鍾黎一直都是在和白鹿師姐對練,兩人現如今對彼此的劍路都有點太熟悉了,往往對面一擡手就能知道對方下一劍該如何出,這也使得兩人對練的效果越來越差。
現在要是有這白道友的加入,或許能讓這逐漸枯燥的練劍日常多出幾分新奇感。
他心中想想還有點小期待。
「那舒月就打擾了。」
白舒月聞言也終於鬆了口氣,她開心的點了點頭。
其實之前在清幽洞天的時候,鍾道友的劍術就已經讓她大開眼界了,明明她自己的劍術也已經達到了劍勢之境,但是劍勢之間亦有高低,她的劍勢在鍾黎道友那怒蛟一般的劍氣長河面前顯得實在是有些..可愛?
總之,今天一定要好好練,好好學。
她心中為自己加油打氣著。
說罷,三人也就各自身化劍光,沖天而起,朝著城外飛去。
「哦,對了,鍾道友,差點忘了正事了,清幽洞天已經被拆解完畢了,洞天遺民也已經安置妥當了,那寧府現如今就被安置在城東的一座山上,道友有空可以去看看。」
路上,白舒月這才想起來自己此行的任務,也就傳音道。
「這樣啊,有勞道友傳訊了。」
鍾黎聞言點了點頭。
寧府已經被安置好了,那他也就安心了,之後他會抽空去那邊看看,主要是去問問寧遠之後願不願意跟著他一起去震洲。
陸璃師姐之前說要投資開辦一家高級酒樓當做宗門產業,而一個高級酒樓自然是需要不少人手打理的。以陸璃師姐那脾氣,她肯定是只投資不管事的,丹姬老師就更不可能去關心這些商賈之事,而鍾黎自己到時候也要上學,一樣不能親自管理。
而炎嘯與韓非這兩個師侄倒是可行,但兩人的修為還是差了點,經驗閱歷也不夠豐富,因此鍾黎想來想去,覺得那是那位寧遠寧家主比較合適。

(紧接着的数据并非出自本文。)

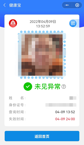 result: LS N 明 冬 jD{30% 匮 I 13:53〈 健 康 宝 … @2022 年 04 月 09 日一 13:52:59@ @ @ @ @ 8 @ @ @ 白 白 @...(为了安全,屏蔽一些内容)吴 严 绍“ 白@ G 8 8 8 8 8 日 @ @ @ @巳 t园 未 见 异 常 e姓 。名 : XXX查 询 时 间 : 04-09 13:52失 效 时 间 : 04-09 24:00

之前寧遠的處事與品行都讓鍾黎挺欣賞的,所以如果對方願意的話,鍾黎準備讓他擔任那陰陽宗酒樓的掌柜。
「應該的,鍾道友不必多禮。」
白舒月此時也是好奇的看著鍾黎,她也是這次出關之後才聽老師說起了那寧府已經投靠了梧桐院,梧桐院特意差人去城主府打過招呼的消息。
但是明明之前清幽洞天的時候,鍾道友一直和他們一起行動的,他是什麼時候就收服了整個寧府的呢?而且,最尷尬的是別說她這個外人了,那新入寒梅書院的小師妹寧娟競然也是剛知道這個消息的,她還驚訝的趕回家去質問了。
總之,這鐘道友的手段就很了得啊。
不過,白舒月倒也並不討厭這種手段,畢競鍾道友能以築基之身就收服寧府那樣的紫府家族,這本身就是一種能力的體現。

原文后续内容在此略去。